年末にホームで西宮ストークスと試合をした後に2日間のオフがあって、ちょうど年が明けたタイミングでもあったので、自分にもっと何かできることはないか、コーチ陣から求められていることをどうやったら遂行できるかということを考え直して、そこからもう1回自分の中で整理して取り組んでいけました。その後のアウェーの越谷アルファーズ戦の後にオールスターのバイウィークがあったんですが、ディフェンスでどれだけボールマンにプレッシャーを与えられるか、どういう状況でもチームに良い流れを持ってこれるようなプレーができるかを考えて、また気持ちを整理して後半戦に臨むことができた。そこがきっかけだったかなと思います」
愛媛に敗れた第2戦も、榎田個人のパフォーマンスは良かった。得点は4点だけだったが、その4点は第3クォーターに同点に追いつかれたところからの連続得点。その前後にはブロックショットやリバウンド、スティールも記録するなど、ハッスルプレーでチームを勢いづけた。
「第3クォーターにペースが落ちてしまったというのは昨日と似たような状況で、そこをどうにかして変えないといけないという思いでコートに入ったので、アグレッシブにいこうと思ったのがその4点につながったのかなと思います。ただ、グレートなチームになるという点で遂行できなかった部分があり、2300人を超えるお客さんの前でプレーオフを決める勝利を届けることができなくて、すごく悔しい結果になりました」
榎田自身は、プロになって以降では今が最も充実感を得られている。しかし、B2優勝とB1昇格を目標としている以上、チームはより一層のレベルアップが必要。榎田も、そこに貢献したいという意識が強い。
「コートで表現できる時間が増えてきてからは充実感は増してきてますが、まだまだ満足できる状況ではない。プレータイムをもらえるから満足するのではなく、まだ向上心を持って、自分に求められていることをもっと追求して、もっと良いパフォーマンスができるように日々の練習からステップアップしていかなきゃいけないと思います」
ところで、開催中のワールドベースボールクラシック(WBC)で日系人として初めて日本代表のメンバーに入ったラーズ・ヌートバーが大きな話題になっているが、その日本名が榎田達治であることもメディアでは盛んに取り上げられている。しかし、榎田はその事実を知らなかった。知らないということは、チームメート等からもまだイジられていないということだ。

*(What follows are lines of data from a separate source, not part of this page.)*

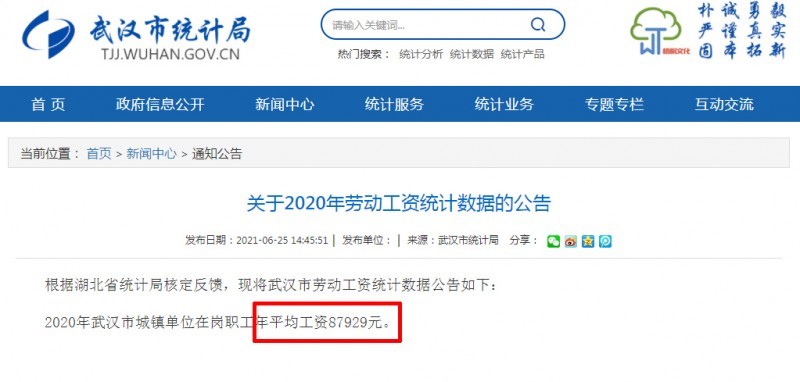 据武汉市统计局《关于2020年劳动工资统计数据的公告》显示,2020年武汉市城镇单位在岗职工年平均工资87929元,月平均工资约7327元,快来看看你的工资在什么段位?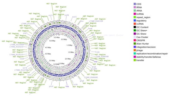Horizontal gene transfer regions (HGT regions) were searched using Alien Hunter []. CRISPR/Cas elements were searched using CRISPR/Cas Finder [].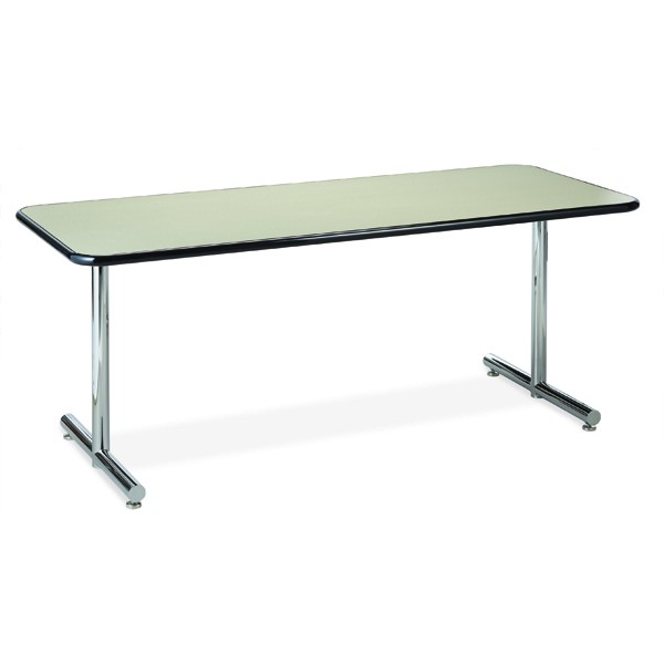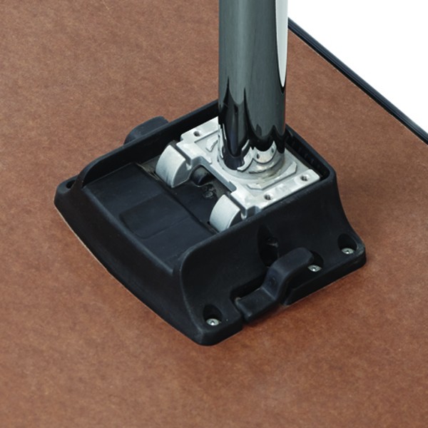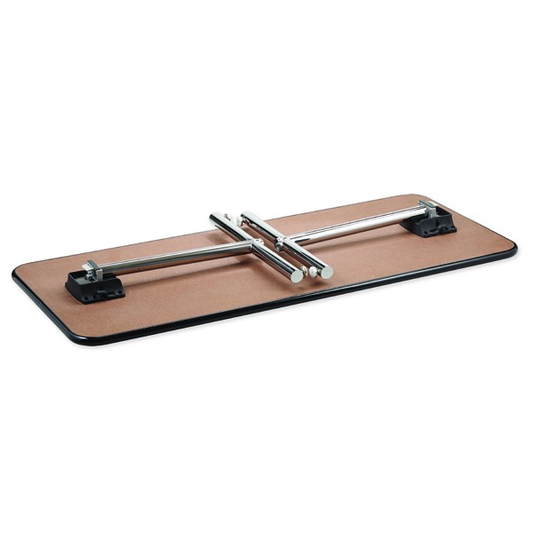 This sleek, pracitical, attractive mechanism is available as an option with our “MCHC” single T-bases. It locks solidly in place in both the up and down positions. It features a rubber coated stacking strip that permits the table to be stacked without damaging other tables.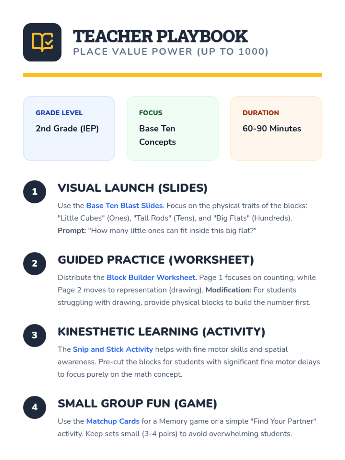 A comprehensive lesson on place value up to 1000 designed specifically for 2nd-grade students on IEPs. Includes visual-heavy instruction, hands-on sorting, matching games, and simplified practice.

「WBCをやってるのは知ってるんですが、今週末の試合にフォーカスしてたので、そこまでは知らなかったです(笑)。SNSで見た限りではすごく活躍してる選手なので、今それを聞いて、その選手に負けないくらい頑張らないとなと思いました」
ヌートバーは1番打者としてチームの牽引車となっている。榎田も先頭に立って走り回り、チームを引っ張る存在になれば、長崎のB1最短昇格は現実のものとなることだろう。